In [1]:
def compute_repetition_factor(pattern):
    m = len(pattern)
    if m == 0:
        return []
    if m == 1:
        return [1]
    chars = list(pattern)
    # Compute the prefix function π(i)
    pi = [0] * m
    k = 0
    for i in range(1, m):
        while k > 0 and chars[k] != chars[i]:
            k = pi[k-1]
        if chars[k] == chars[i]:
            k = k + 1
        pi[i] = k
    # Compute the repetition factor for each character i
    rep_factors = []
    for i in range(m):
        # Length of the longest proper prefix of pattern[:i+1] that is also a suffix of a prefix of pattern[:i+1]
        len_prefix = pi[i]
        # Length of the repeating substring
        len_repeated = i + 1 - len_prefix
        if len_repeated == 0 or (i+1) % len_repeated != 0:
            # Pattern[:i+1] is not a repeated string
            rep_factors.append(1)
        else:
            # Pattern[:i+1] is a repeated string with repetition factor (i+1) // len_repeated
            rep_factors.append((i+1) // len_repeated)
    return rep_factors


# Question 2

In [2]:
P = "abababa"
rep_factors = compute_repetition_factor(P)
for i, rf in enumerate(rep_factors):
    print(f"ρ(P{i+1}) = {rf}: {P[:i+1][:len(P[:i+1])//rf]}")


ρ(P1) = 1: a
ρ(P2) = 1: ab
ρ(P3) = 1: aba
ρ(P4) = 2: ab
ρ(P5) = 1: ababa
ρ(P6) = 3: ab
ρ(P7) = 1: abababa


In [3]:
import random
import time

def generate_random_pattern(m):
    return ''.join(chr(random.randint(97, 122)) for _ in range(m))

def run_experiment(num_trials, pattern_length):
    max_repetition_factors = []
    for i in range(num_trials):
        pattern = generate_random_pattern(pattern_length)
        repetition_factors = compute_repetition_factor(pattern)
        max_repetition_factors.append(max(repetition_factors))
    return max_repetition_factors

start_time = time.time()
num_trials = 100
pattern_length = 1000
max_repetition_factors = run_experiment(num_trials, pattern_length)
end_time = time.time()

print(f"Maximum repetitor values for {num_trials} random patterns of length {pattern_length}:")
print(max_repetition_factors)
print("Maximum repetitor value:",max(max_repetition_factors))
print(f"Average time per pattern: {(end_time - start_time) / num_trials} seconds")
max_rf = max(max_repetition_factors)


Maximum repetitor values for 100 random patterns of length 1000:
[1, 2, 1, 1, 1, 1, 1, 1, 1, 1, 1, 1, 1, 1, 1, 1, 1, 1, 1, 1, 1, 1, 1, 1, 1, 1, 1, 1, 1, 1, 1, 1, 1, 1, 1, 1, 1, 1, 2, 2, 1, 1, 1, 1, 1, 1, 1, 2, 1, 1, 1, 1, 1, 1, 1, 1, 1, 1, 1, 1, 1, 1, 1, 1, 1, 1, 1, 1, 1, 1, 1, 1, 1, 1, 1, 1, 1, 1, 1, 1, 1, 1, 1, 1, 1, 1, 1, 1, 1, 1, 1, 1, 1, 1, 1, 1, 1, 1, 1, 1]
Maximum repetitor value: 2
Average time per pattern: 0.007232446670532227 seconds


Conclusion: After running the experiment for a 100 trials of random patterns of the size 1000 characters, I found that the maximum repetitor factor ρ*(P) is usually very small, ranging from 1 to 3(or)4. This suggests that most random strings of length 1000 have very little repetition.

# Question 3


The time complexity of the compute_repetition_factor function, which calculates the repetition factors of a given pattern, is O(m), where m is the length of the pattern.
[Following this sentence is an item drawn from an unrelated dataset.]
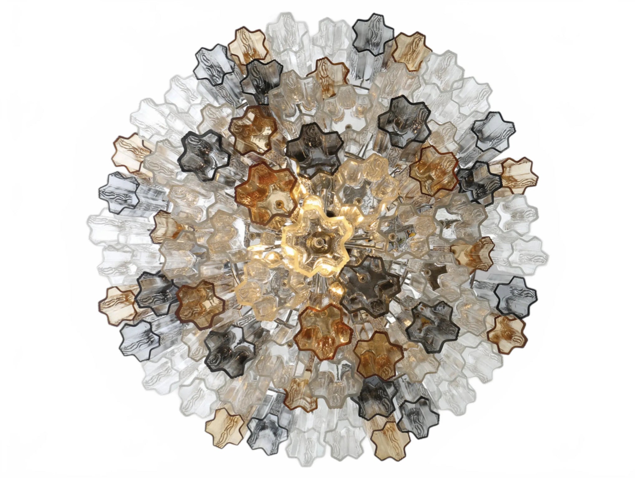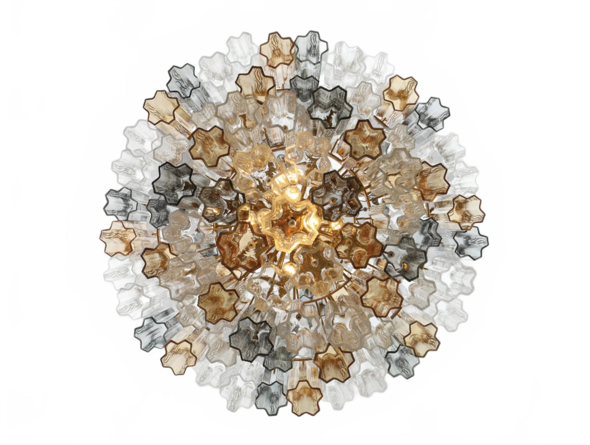 Its five-point rounded star profile forms a striking focal point, perfect for impressive foyers, entryways, or double-height living areas. Offered in clear, amber, smoke, white, or Autumn — a mesmerizing blend of amber, clear, and smoke glass.

The function consists of two parts, each with a time complexity of O(m). Therefore, the total time complexity of the function is O(m). However, the section of code that prints the repetition factors and repeated substrings has a time complexity of O(m^2) due to nested loops. As a result, the overall time complexity of the code, including the printing section, is O(m^2).

# Question 4

If we randomly select a binary string of length m, then the maximum repetitor factor ρ(P) is likely to be constant. By using a union bound argument, we can calculate an upper limit on the expected value of ρ(P), which is e^(-2^(-k)m) for any k value. By summing over all possible k values, we can determine that the upper bound of the expected value of ρ(P) is Σk e^(-2^(-k)m), which is a constant regardless of m. Thus, the expected value of ρ*(P) is also a constant.